Enabling dependencies between operations is one of the primary reasons you’ll find yourself choosing to use an Operation over GCD.

Modular design

Consider the tilt shift project you’ve been creating. You now have an operation that will download from the network, as well as an operation that will perform the tilt shift. You could instead create a single operation that performs both tasks, but that’s not a good architectural design.

Classes should ideally perform a single task, enabling reuse within and across projects. If you had built the networking code into the tilt shift operation directly, then it wouldn’t be usable for an already-bundled image. While you could add many initialization parameters specifying whether or not the image would be provided or downloaded from the network, that bloats the class. Not only does it increase the long-term maintenance of the class — imagine switching from URLSession to Alamofire — it also increases the number of test cases which have to be designed.

Specifying dependencies

Adding or removing a dependency requires just a single method call on the dependent operation. Consider a fictitious example in which you’d download an image, decrypt it and then run the resultant image through a tilt shift:

let networkOp = NetworkImageOperation()
let decryptOp = DecryptOperation()
let tiltShiftOp = TiltShiftOperation()

decryptOp.addDependency(op: networkOp)
tiltShiftOp.addDependency(op: decryptOp)
tiltShiftOp.removeDependency(op: decryptOp)

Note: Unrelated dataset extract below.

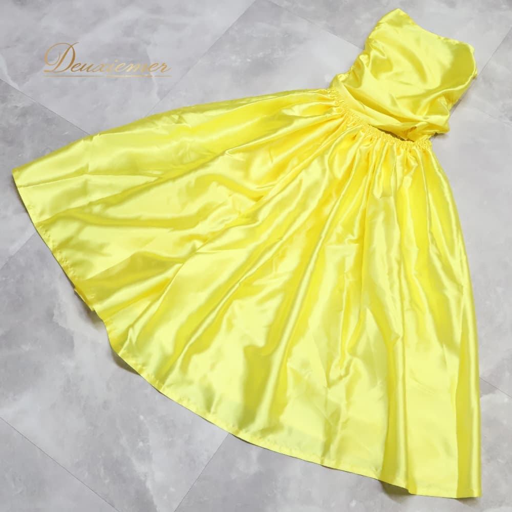 #イエローカラー #光沢感 #華やかコーデ #チューブトップ #トップス #背面ゴム #伸縮性あり #ウエストゴム #2本ゴム仕様 #スカート #セットアップ #上下セット #春夏コーデ #きれいめ #カジュアルミックス #トレンド #大人可愛い #体型カバー #旅行コーデ #ENUTSU

Avoiding the pyramid of doom

Dependencies have the added side effect of making the code much simpler to read. If you tried to write three chained operations together using GCD, you’d end up with a pyramid of doom. Consider the following pseudo-code for how you might have to represent the previous example with GCD:

let network = NetworkClass()
network.onDownloaded { raw in
  guard let raw = raw else { return }

  let decrypt = DecryptClass(raw)
  decrypt.onDecrypted { decrypted in
    guard let decrypted = decrypted else { return }
    
    let tilt = TiltShiftClass(decrypted)
    tilt.onTiltShifted { tilted in
      guard let tilted = tilted else { return }
    }
  }
}

Watch out for deadlock

In Chapter 5, “Concurrency Problems,” you learned about deadlock. Any time a task is dependent on another, you introduce the possibility of deadlock, if you aren’t careful. Picture in your mind — better yet graph out — the dependency chain. If the graph draws a straight line, then there’s no possibility of deadlock.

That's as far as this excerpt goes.